How to play for singers

Jenna Simeonov

Pianists, you’re a busy bunch. So how do you learn all that music, and prioritize like a pro? When it comes to playing for singers, pianists are often in one of three situations:

  1. They have practice time to learn a song or aria.
  2. They know the song or aria, but they’re playing for a new singer.
  3. They don’t know the piece, and they don’t know the singer.

Pianists have their generally great skills in sight-reading at their disposal, and the addition of a singer can easily throw a wrench in your musical plans. Here’s a condensed guide to adapting your sight-reading to these three scenarios; singers notice this kind of thing, and they tend to call you back for the next gig.

When you’ve got practice time

For a pianist, learning a song or aria to perform with a singer feels like we’re learning something twice. Our focus is automatically drawn to what we have to play, and it’s easy to forget about all those words. Pianists (thankfully) don’t have to sing well, but they do have to really know the text of a song. Translations, pronunciation, the rhythm and pitch inflections that come with each unique language; if you’re playing a song worth singing, these elements of language inform the notes.

Starting with the text can save unnecessary headaches when you start learning the notes. Singers have the sacred three-fold process:

  1. Speak the text until you’re comfy with it.
  2. Speak the text in rhythm until it feels as natural as possible.
  3. Add the melody.

It’s kind of a cool experience to go from step 1 to step 3, especially in your native language. It’s really illuminating to start with an unfamiliar poem, get to know it, and then find out what a composer thought of it. Plus, with a good grasp on the words, you can get a better handle on what really happens with the music.

Finally, take the breaths the singer will take. Really take them, so that you can feel how much space there will or should be; in a lot of cases, a composer will factor in a breath in their writing, so it becomes part of the musical line. You’ll be able to more accurately decide on a tempo or the pacing of cadenzas.

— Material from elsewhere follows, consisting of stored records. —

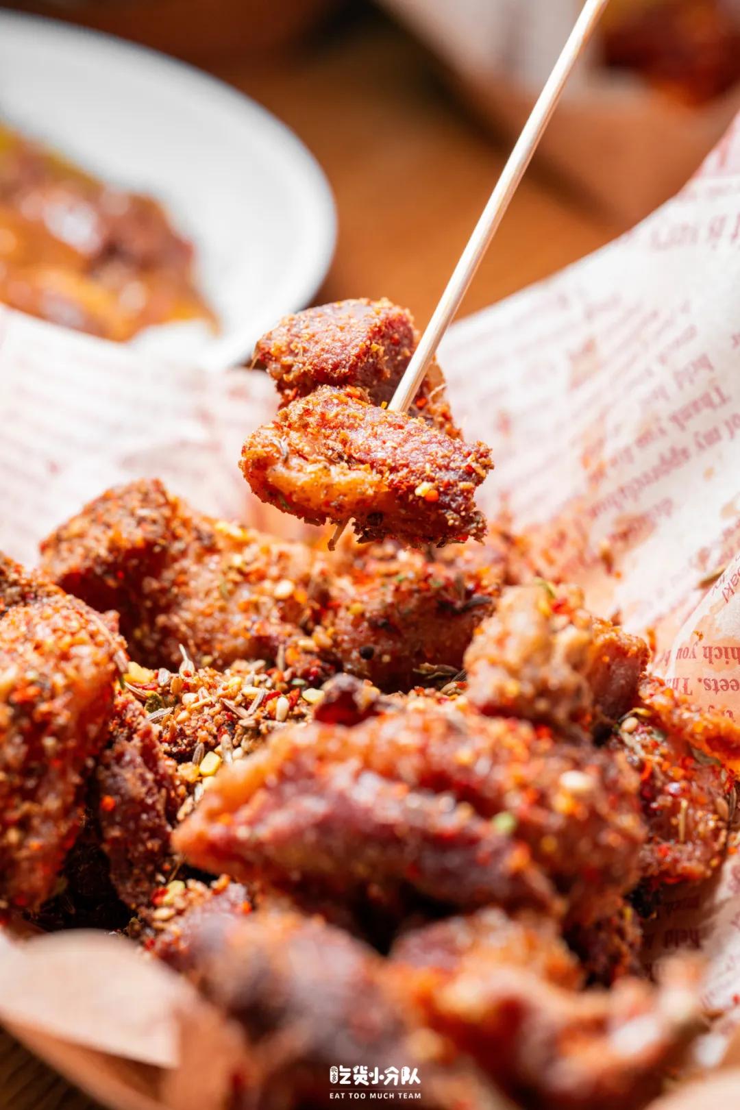 【可汗炸羊肉】36元一份,和39元的咖喱自助比起来略显奢侈~好在羊肉份量给的比较足,炸得火候刚好,孜然辣椒的调味和羊肉串味道相似,适合朋友一起分食。
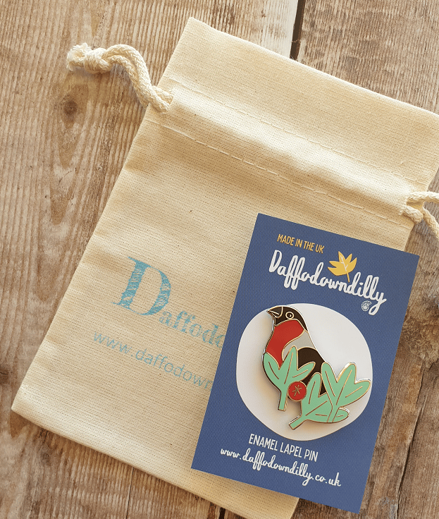A mini cotton drawstring bag, printed with Daffodowndilly branding, the perfect size to hold a bag charm, keyring, enamel brooch or wooden brooch. It also makes a lovely touch if you want to give any of these as a gift.
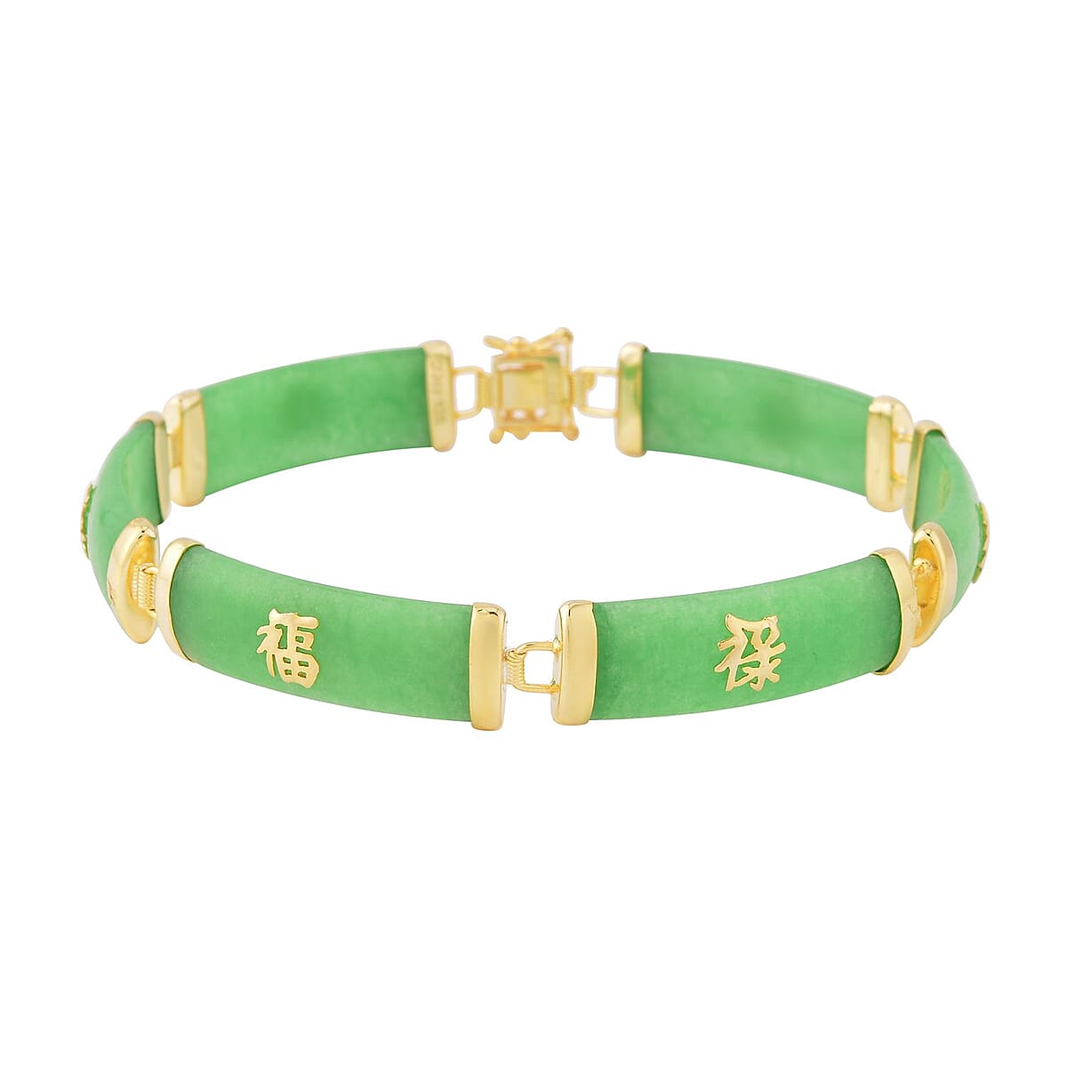 Green Jade (D) Station Bracelet, Green Jade Bracelet, 14K Yellow Gold Over Sterling Silver Bracelet, Symbols Bracelet, Silver Station Bracelet (7.25 In) 60.00 ctw
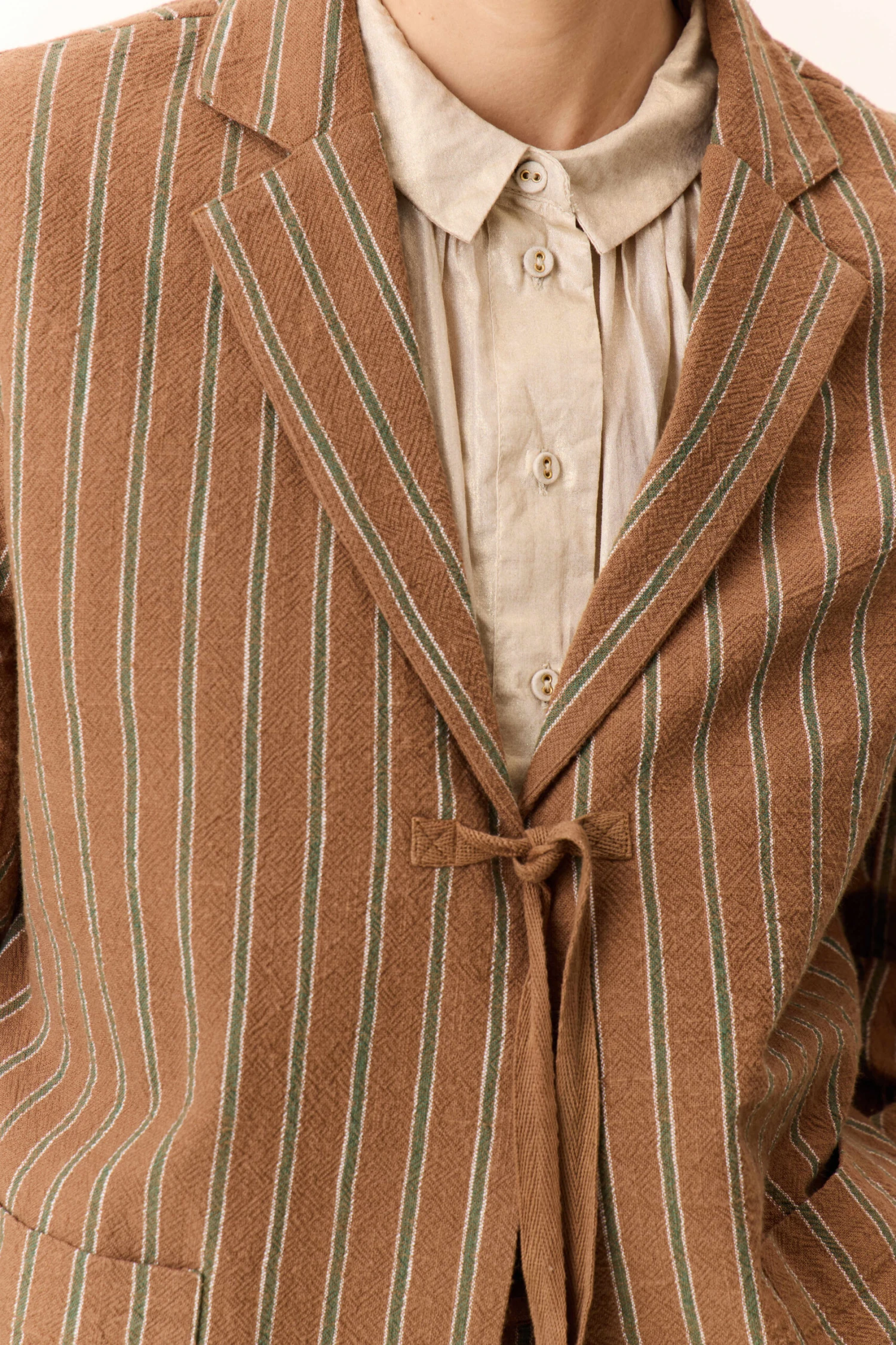 Un blazer revisité dans une version souple et féminine, parfait pour insuffler une touche chic et décontractée au vestiaire de la femme Leon & Harper. Son tissu à rayures lui donne un charme rétro irrésistible. Son col à revers structuré s’ouvre sur une fermeture nouée, délicate et inattendue, qui casse les codes du tailoring classique. À porter aussi bien sur un jean que sur une robe fluide pour une silhouette causual-chic.
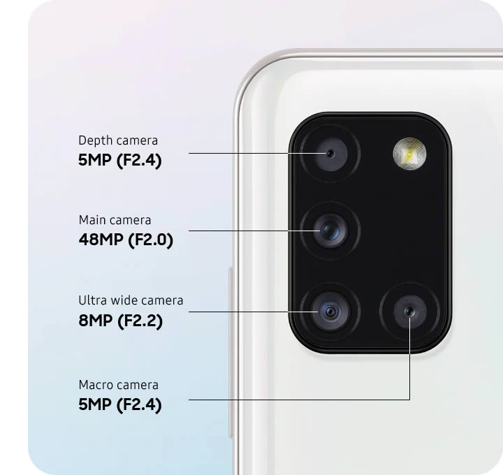 Samsung Galaxy A31 มาพร้อมจอแสดงผล Super AMOLED ขนาด 6.4 นิ้ว ดีไซน์ Infinity-U Display ซ่อนกล้องเซลฟี่ 20 ล้านพิกเซล ไว้ในรอยบากรูปตัว U ส่วนกล้องหลัง 4 ตัว จัดวางเป็นรูปตัว L ประกอบด้วย กล้องหลัก 48 ล้านพิกเซล กล้องอัลตร้าไวด์ 8 ล้านพิกเซล มุมมอง 123 องศา กล้องมาโคร 5 ล้านพิกเซล ถ่ายได้ใกล้สูงสุด 4 เซนติเมตร และกล้อง Depth ความละเอียด 5 ล้านพิกเซล สำหรับถ่ายหน้าชัดหลังละลาย
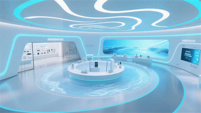 展廳以環(huán)形動(dòng)線串聯(lián)六大核心模塊:入口10米寬LED水幕墻動(dòng)態(tài)演繹凈水原理;中央懸浮式產(chǎn)品矩陣展臺(tái),通過全息投影拆解RO膜過濾技術(shù);實(shí)景化場景區(qū)1:1復(fù)刻家庭廚房、商務(wù)辦公樓及工業(yè)廠房,搭配交互式水質(zhì)監(jiān)測實(shí)驗(yàn)臺(tái);獨(dú)創(chuàng)的“虛擬管家”AR系統(tǒng),可生成個(gè)性化凈水方案并投射至合肥典型戶型模型。空間頂部采用參數(shù)化設(shè)計(jì)的波浪形燈網(wǎng),象征長江與淮河水系交匯,地面嵌入城市節(jié)水?dāng)?shù)據(jù)可視化地磚,凸顯本土環(huán)保責(zé)任感。
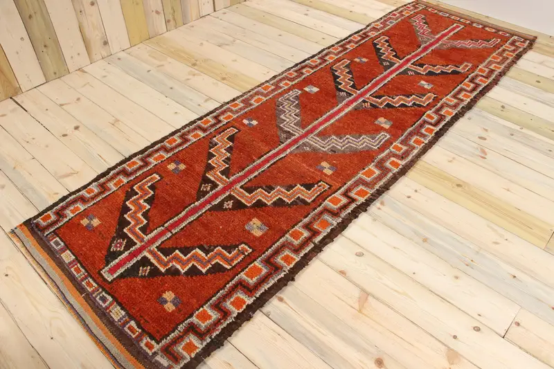 3.1x10.2 ft Halı, Vintage Türk Halısı, Kırmızı Yün Halı
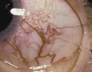 Glaucoma more often occurs when the ipsilateral facial hemangioma involves the lids and conjunctiva (Fig. 15). Glaucoma may occur in infancy, late childhood, or young adulthood. The glaucoma that occurs in infancy looks and behaves similar to glaucoma associated with isolated trabeculodysgenesis and responds well to goniotomy. The glaucoma that appears later in life is probably related to elevated episcleral venous pressure from arteriovenous fistulas.37 In older children, medical therapy should be attempted first. However, if this is not successful, trabeculotomy or trabeculectomy should be considered.
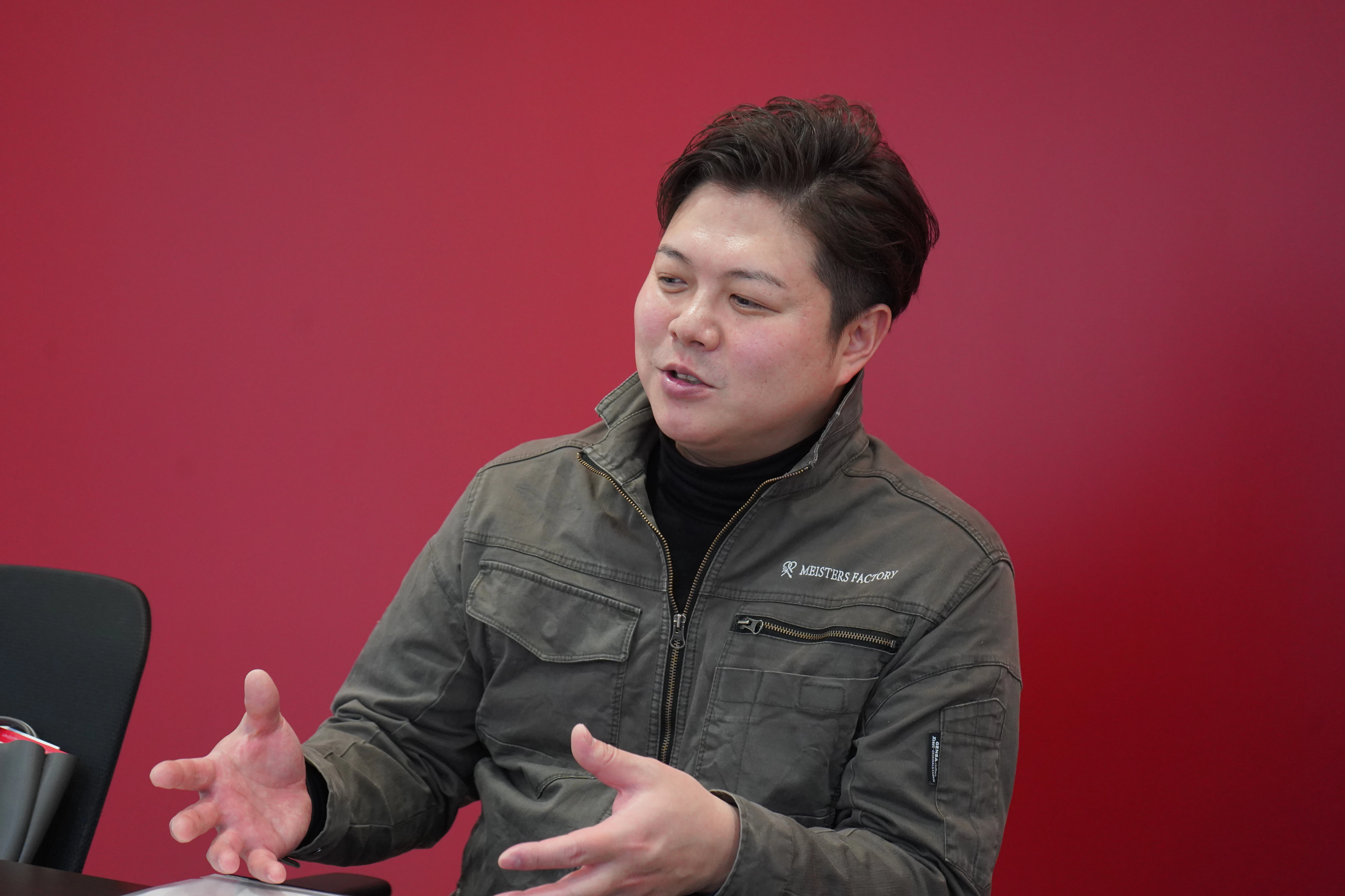 株式会社マイスターズファクトリー 代表取締役。内装職人として経験をつむなか、多能工のもつ可能性を見出す。その後、株式会社クレアコーポレイション社長のブログに共感し、入社を決意。株式会社マイスターズファクトリーの代表取締役に就任する。
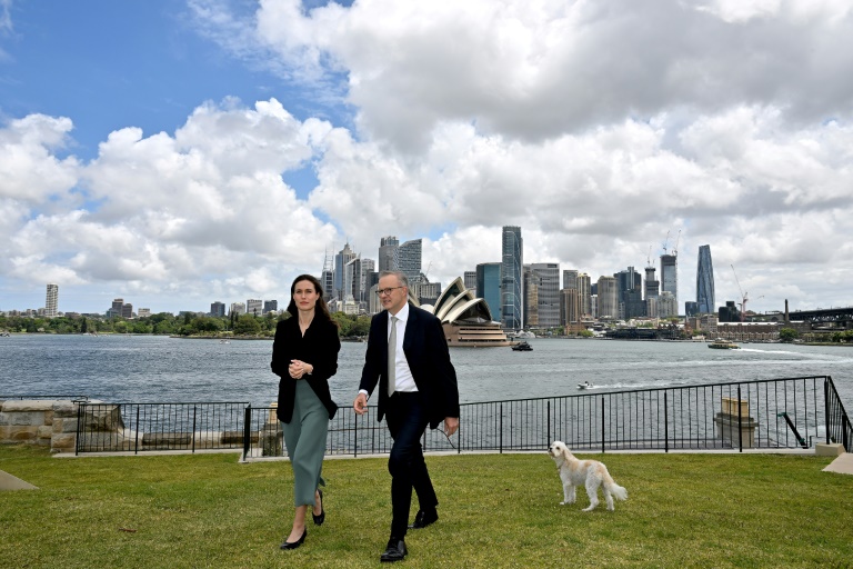 Australian Prime Minister Anthony Albanese (R) welcomes Finland’s Prime Minister Sanna Marin at Kirribilli House in Sydney
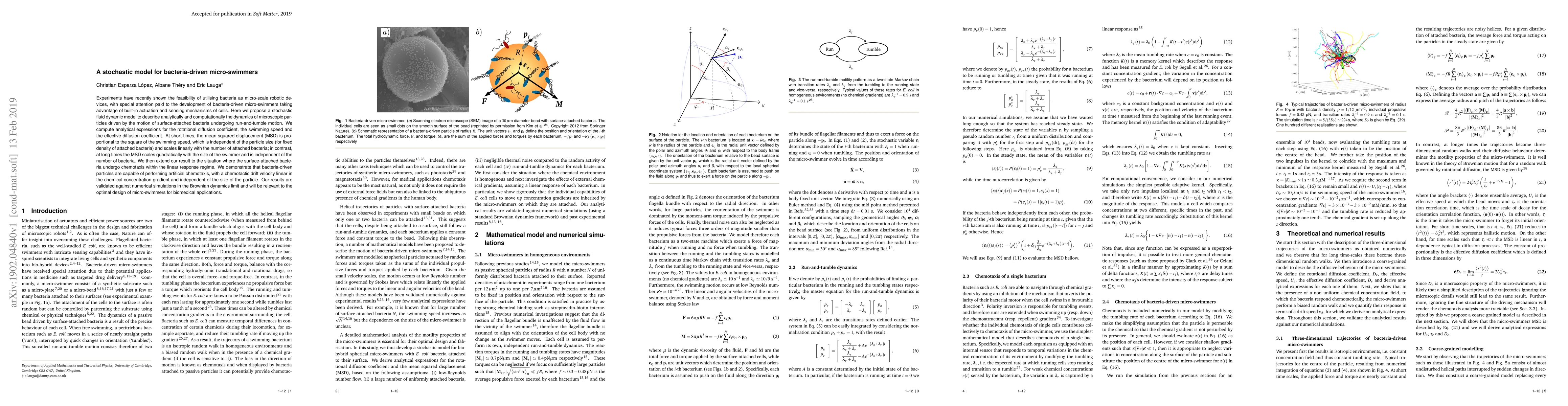 This paper proposes a stochastic model to analyze bacteria-driven micro-swimmers, deriving analytical expressions for their dynamics, including speed and diffusion coefficients. The model shows that the mean squared displacement scales differently with time and particle size, and extends to chemotactic behavior, validated by numerical simulations.
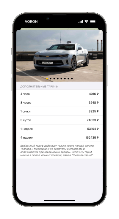При бронировании по умолчанию включаются поминутные тарифы и действую до тех пор, пока вы не оплатите другой тариф. Все часовые/суточные тарифы указаны в мобильном приложении на странице каждого автомобиля в разделе дополнительные тарифы.
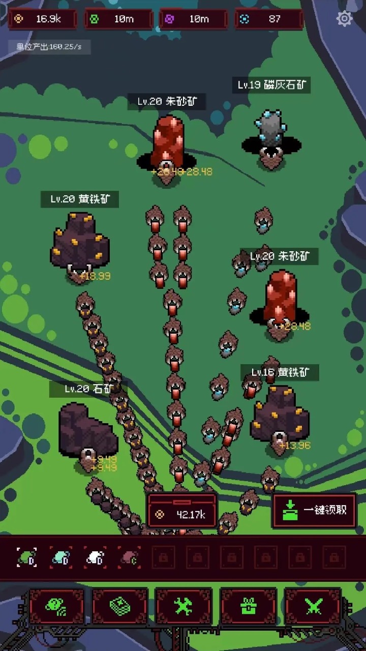 多元挖矿机制:在《为虫群来袭》中,挖矿不仅是为了获取资源,更是一次次充满策略的探险。不同的星球拥有不同的矿产资源,玩家需要根据自己的需求与战略选择合适的星球进行开采,同时还需要面对各种复杂的环境与危险。
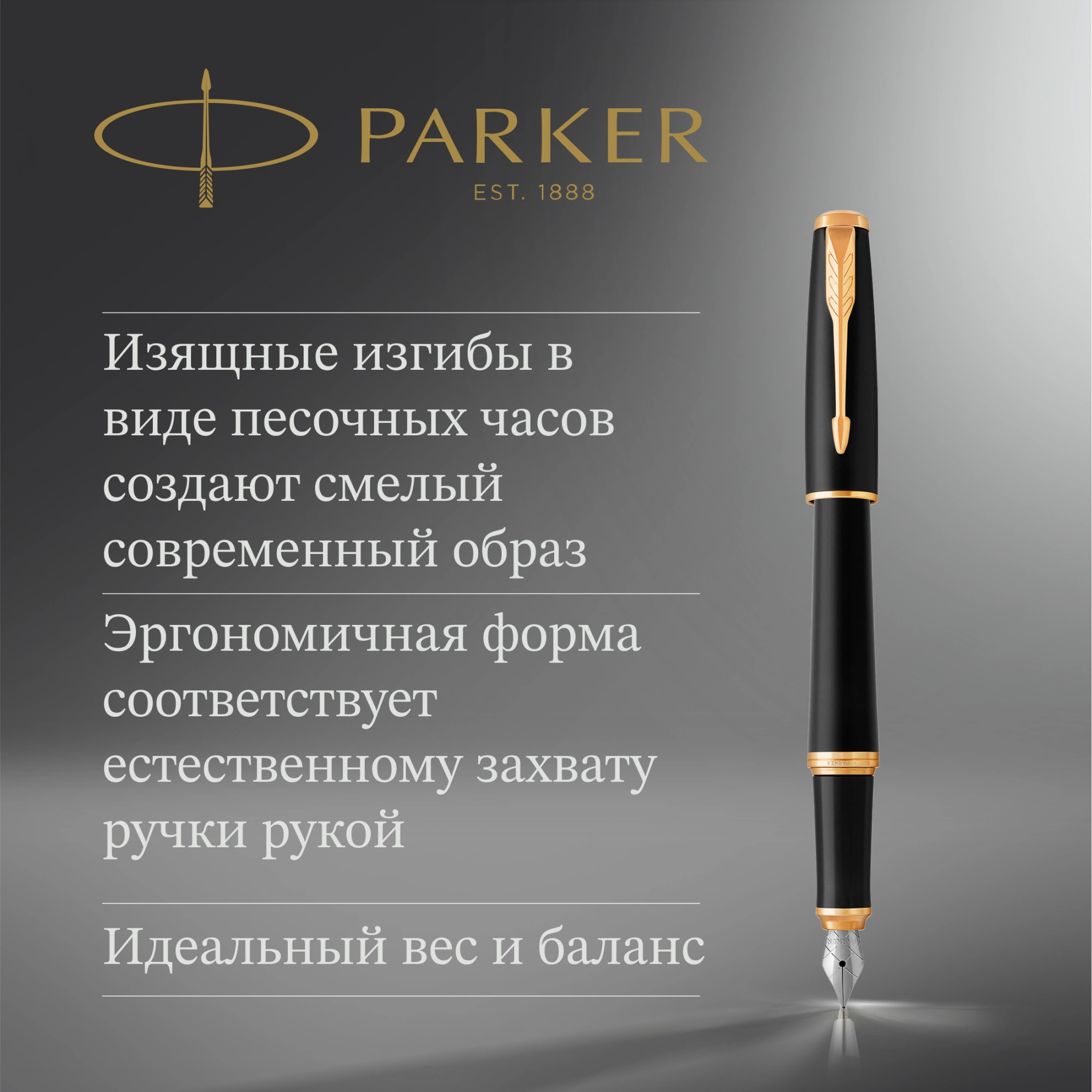 Шариковая ручка оснащена поворотным механизмом и стержнем Quinkflow с синими чернилами для гладкого и надежного письма; также можно использовать гелевые стержни Parker Quink.
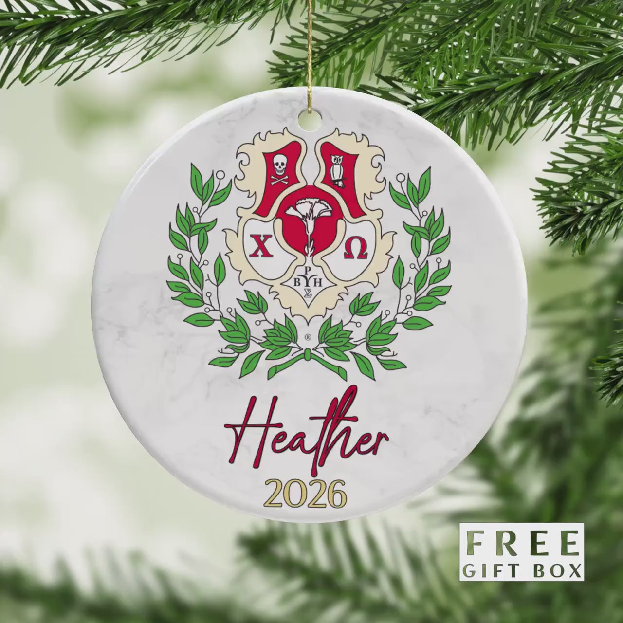 Chi Omega Sorority Ornament: Custom College Merch for Big Little Sorority Gifts
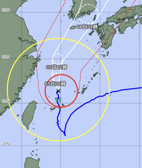 もう少し右側にズレたら間違いなく本島に直撃しそうな台風11号は、最大瞬間風速60mを維持したまま北上しそうです🌀
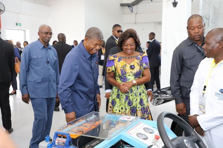 انگولاکے صوبے ہوام بو کے شہر ہوام بو میں انگولا کے صدر جواؤ لورینکو (دوسرے بائیں ، سامنے) چینی حکومت کے عطیہ کردہ پیشہ ورانہ تربیتی مرکز کا دورہ کررہے ہیں۔ (شِنہوا)

When you know the song, but don’t know the singer

Pianists in this situation get to become readers of minds. You have some knowledge on your side; you know the aria, you (hopefully) know the spots that everybody sings differently, and you know a reasonable tempo to set. To find out the rest, it’s just about listening.

The first point of entry is the singer’s breath; it can set a tempo for the piece, and establish the weight, if you will, of the voice. Language, too, is a great indicator; a good singer will sing through consonants, so in languages like Russian or German, you should have a fair amount of heads-up before the vowel you’re listening for.

When you’re sight-reading

For starters, be a diva. Take 30 seconds or so to yourself, so that you can have a quick but detailed look at the piece you’re sight-reading. It can make a world of difference to simply have spotted tempo or key changes that come up, and find any cuts or repeats.

Assuming they’re sight-reading for some performance or audition, pianists know that the basic tenets of their job is to listen like crazy and stay out of the way. The best way to do this is to minimize what you’re playing, so you can give more brain space to following your singer.

I find Handel arias particularly treacherous to sight-read, but fortunately they often support themselves with a confident left hand and a few indicative chords in the right. In Handel and plenty of others, prioritizing the bass and soprano lines of the orchestra gives a good amount of information to the singer, and you’ll not get weighed down by scales and filler.